▶ [WORK REQUEST]:
From the line that contains "Bosch Professional Werkzeugset" through the closing line of the entries, write out each line exactly; pictures stay out.

▶ [Collected data entries]:
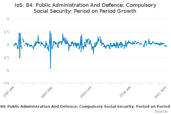 Download this time seriesIoS: 84: Public Administration And Defence; Compulsory Social Security: Period on Period Growth
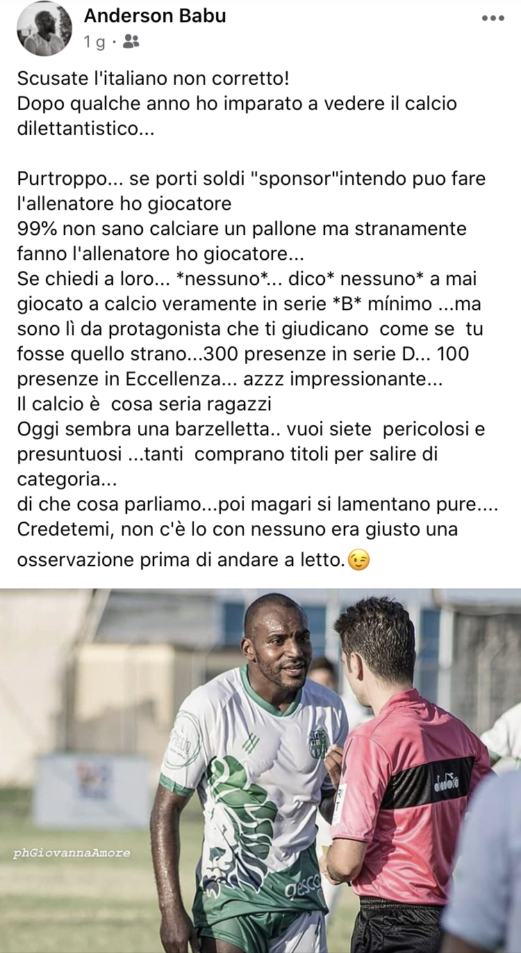 Vi ricordate di Babú? L'ex attaccante di Lecce, Venezia e Salernitana tra le altre, si è sfogato su Facebook contro le dinamiche delle serie minori, in un italiano non corretto come da lui scritto.
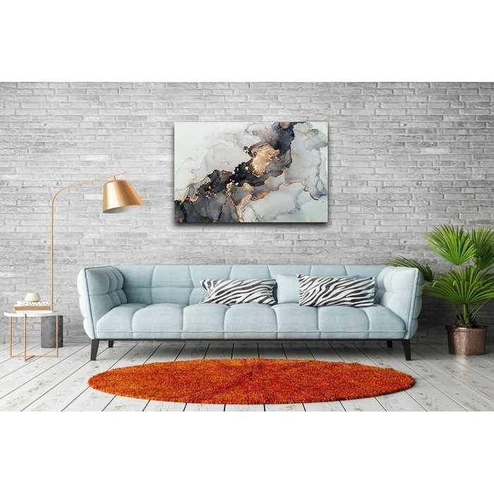 Quadro Decorativo Abstrato Fumaça:90x60 cm/DOURADA
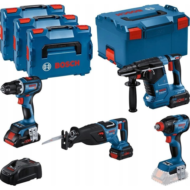 Bosch Professional Werkzeugset GSR 18V-90C + GDX 18V-210C + GBH 18V-24C + GSA 18V-28, in L-BOXX
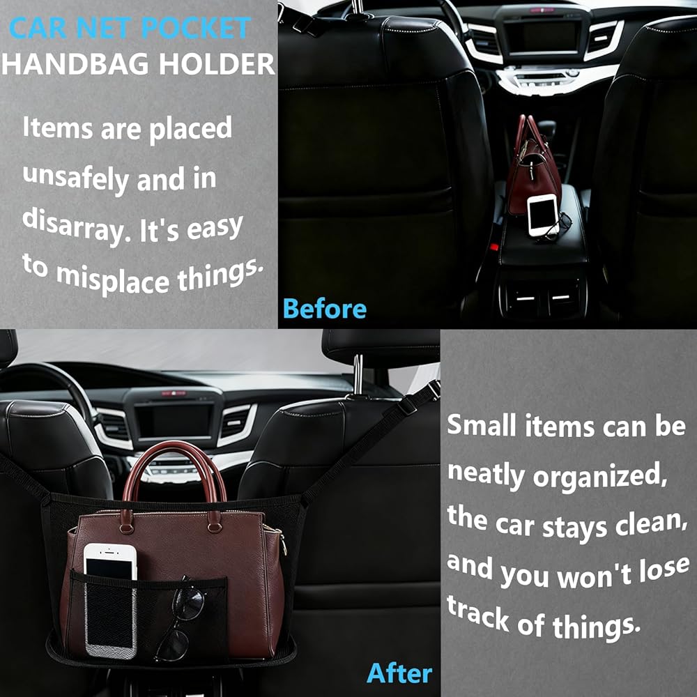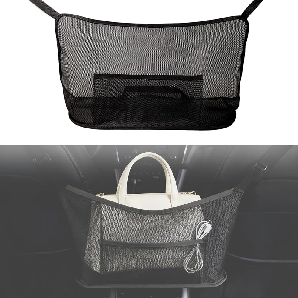 حامل محفظة للسيارة بين المقعد الأمامي، حامل حقيبة يد شبكي للجيب وحاجز للمقعد الخلفي للحيوانات الأليفة/الأطفال، منظم حقيبة شبكية لتخزين الهواتف/الوجبات الخفيفة، ملحقات السيارة للنساء

▶ [WRITTEN SOLUTION]:
 Bosch Professional Werkzeugset GSR 18V-90C + GDX 18V-210C + GBH 18V-24C + GSA 18V-28, in L-BOXX
 حامل محفظة للسيارة بين المقعد الأمامي، حامل حقيبة يد شبكي للجيب وحاجز للمقعد الخلفي للحيوانات الأليفة/الأطفال، منظم حقيبة شبكية لتخزين الهواتف/الوجبات الخفيفة، ملحقات السيارة للنساء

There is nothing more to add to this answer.